Process Improvement and Cost Savings in Stroke and TIA Care

The looming healthcare financial crisis in America led to the creation of the Stanford Clinical Excellence Research Center (CERC). The mission of the program is: "better health, less spending." CERC brings together individuals with backgrounds in medicine, industrial engineering, and management and social sciences in an effort to create innovative healthcare delivery models that safely lower per capita spending while maintaining or improving health outcomes and patient experience. The goal is to bend the national trend of the ever increasing portion of our national GDP being spent on healthcare. Stanford Stoke Center faculty member Amy Tai is collaborating with CERC on a novel stroke/TIA heath care delivery project.

Stroke is the leading cause of disability and eighth most expensive health condition in America. Dr. Tai spent a year working on a redesigned care delivery process to address the gaps in the current system of stroke care in the United States.  An innovative stroke care model was developed using a systematic design method that included: (1) A literature review of major guidelines, stroke care delivery methods, and cost effectiveness studies to identify the best practices and how to achieve them at the lowest cost; (2) Site visits with those identified to be best at delivering high quality care for the lowest cost; (3) Observations of patients and providers to identify their unmet needs; (4) Development of a model to address stakeholders' unmet needs using methods from design thinking and health care delivery science; (5) Estimation of the model's cost-saving potential, using national averages for risk factor prevalence, stroke incidence, and costs of conditions and interventions.

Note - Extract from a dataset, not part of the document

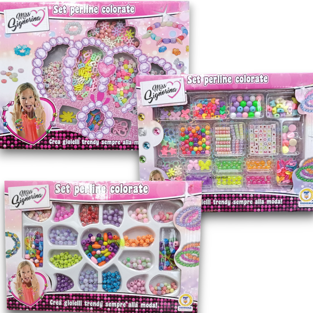 Ogni Miss Signorina Set Perline Colorate contiene una grande varietà di perline e fili elastici per combinazioni sempre nuove e originali. Il Miss Signorina Set Perline Colorate aiuta a sviluppare coordinazione, precisione e senso estetico, trasformando il gioco in un’attività creativa e rilassante.

Synthesis of this design process yielded a high-value stroke care model that: (1) prevents strokes through maximal use of preventative medications; (2) stratifies care for patients with TIA and mild stroke symptoms and; (3) delivers tPA in most time-efficient way possible and delivers a strengthened transition to community program for those at high risk for readmissions.  It is estimated that this model will significantly improve patient outcomes and reduce healthcare spending in cerebrovascular disease by 11%.